» Input data:
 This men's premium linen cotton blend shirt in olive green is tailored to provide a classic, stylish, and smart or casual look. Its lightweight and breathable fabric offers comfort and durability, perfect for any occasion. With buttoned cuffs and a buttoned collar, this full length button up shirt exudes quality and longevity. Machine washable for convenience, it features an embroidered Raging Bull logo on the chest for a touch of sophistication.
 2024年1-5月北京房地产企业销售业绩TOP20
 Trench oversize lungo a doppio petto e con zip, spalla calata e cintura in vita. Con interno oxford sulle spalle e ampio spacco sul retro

--

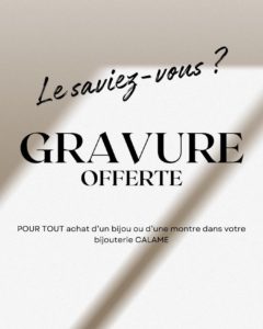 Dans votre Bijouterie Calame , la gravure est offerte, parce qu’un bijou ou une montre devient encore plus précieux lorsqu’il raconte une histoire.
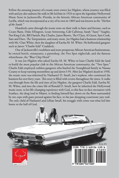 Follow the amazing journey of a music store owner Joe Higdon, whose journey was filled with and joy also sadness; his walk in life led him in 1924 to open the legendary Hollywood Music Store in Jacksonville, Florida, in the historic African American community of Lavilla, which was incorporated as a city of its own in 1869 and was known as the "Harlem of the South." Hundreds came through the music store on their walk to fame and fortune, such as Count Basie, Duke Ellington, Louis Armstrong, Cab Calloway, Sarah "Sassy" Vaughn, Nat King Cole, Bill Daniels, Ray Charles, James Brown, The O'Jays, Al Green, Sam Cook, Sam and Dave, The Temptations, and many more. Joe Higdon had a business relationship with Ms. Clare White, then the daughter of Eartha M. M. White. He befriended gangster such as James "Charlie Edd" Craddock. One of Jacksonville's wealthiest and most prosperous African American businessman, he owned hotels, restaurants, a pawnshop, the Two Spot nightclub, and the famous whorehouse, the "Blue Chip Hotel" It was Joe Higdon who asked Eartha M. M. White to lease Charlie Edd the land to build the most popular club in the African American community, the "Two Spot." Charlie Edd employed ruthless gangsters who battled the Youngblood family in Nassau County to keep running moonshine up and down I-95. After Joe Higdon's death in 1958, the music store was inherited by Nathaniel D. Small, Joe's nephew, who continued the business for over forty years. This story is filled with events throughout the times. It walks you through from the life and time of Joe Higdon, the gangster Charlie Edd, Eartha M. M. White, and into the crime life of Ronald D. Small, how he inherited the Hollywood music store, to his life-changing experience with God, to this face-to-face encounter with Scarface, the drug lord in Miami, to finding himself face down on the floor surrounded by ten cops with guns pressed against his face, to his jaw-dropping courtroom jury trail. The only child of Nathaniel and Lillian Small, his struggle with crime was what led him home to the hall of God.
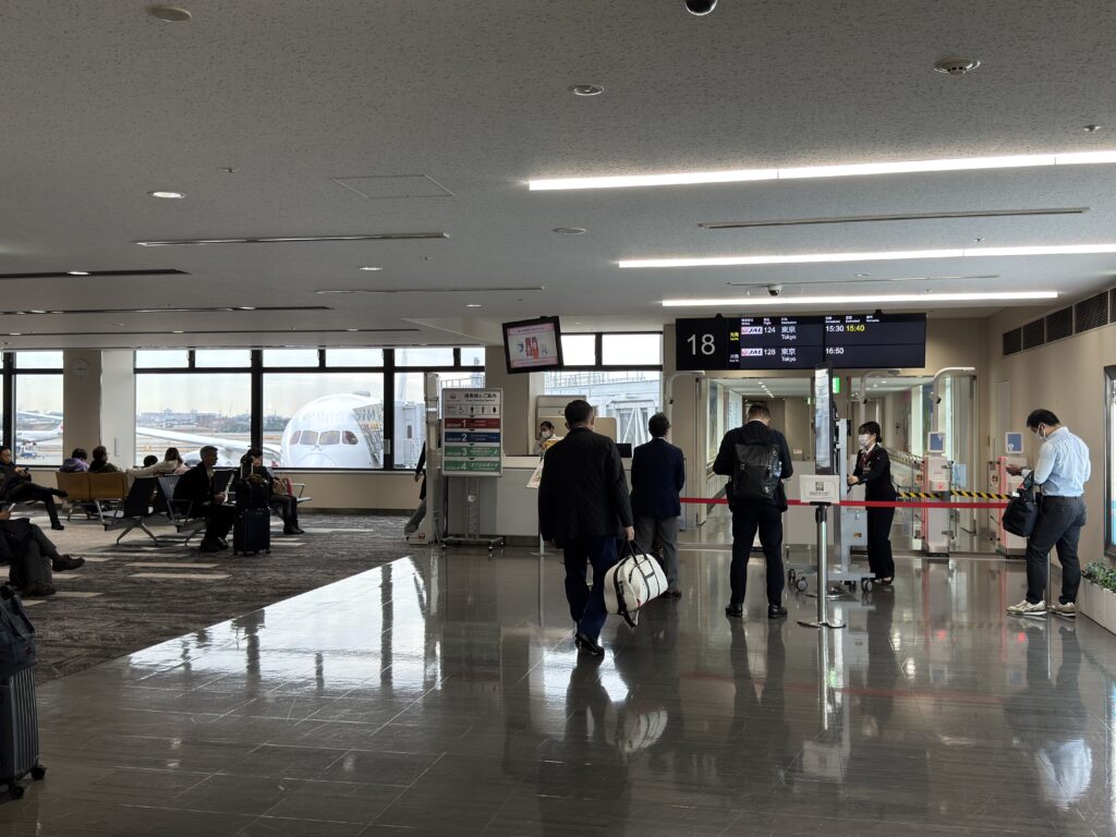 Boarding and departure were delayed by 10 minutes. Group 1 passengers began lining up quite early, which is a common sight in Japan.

» Work instructions:
Using the data above, transcribe the lines that run from the line with "This men's premium" to the line with "2024年1-5月北京房地产企业销售业绩TOP20", both ends kept, and output nothing else.

» Answer to this exercise:
 This men's premium linen cotton blend shirt in olive green is tailored to provide a classic, stylish, and smart or casual look. Its lightweight and breathable fabric offers comfort and durability, perfect for any occasion. With buttoned cuffs and a buttoned collar, this full length button up shirt exudes quality and longevity. Machine washable for convenience, it features an embroidered Raging Bull logo on the chest for a touch of sophistication.
 2024年1-5月北京房地产企业销售业绩TOP20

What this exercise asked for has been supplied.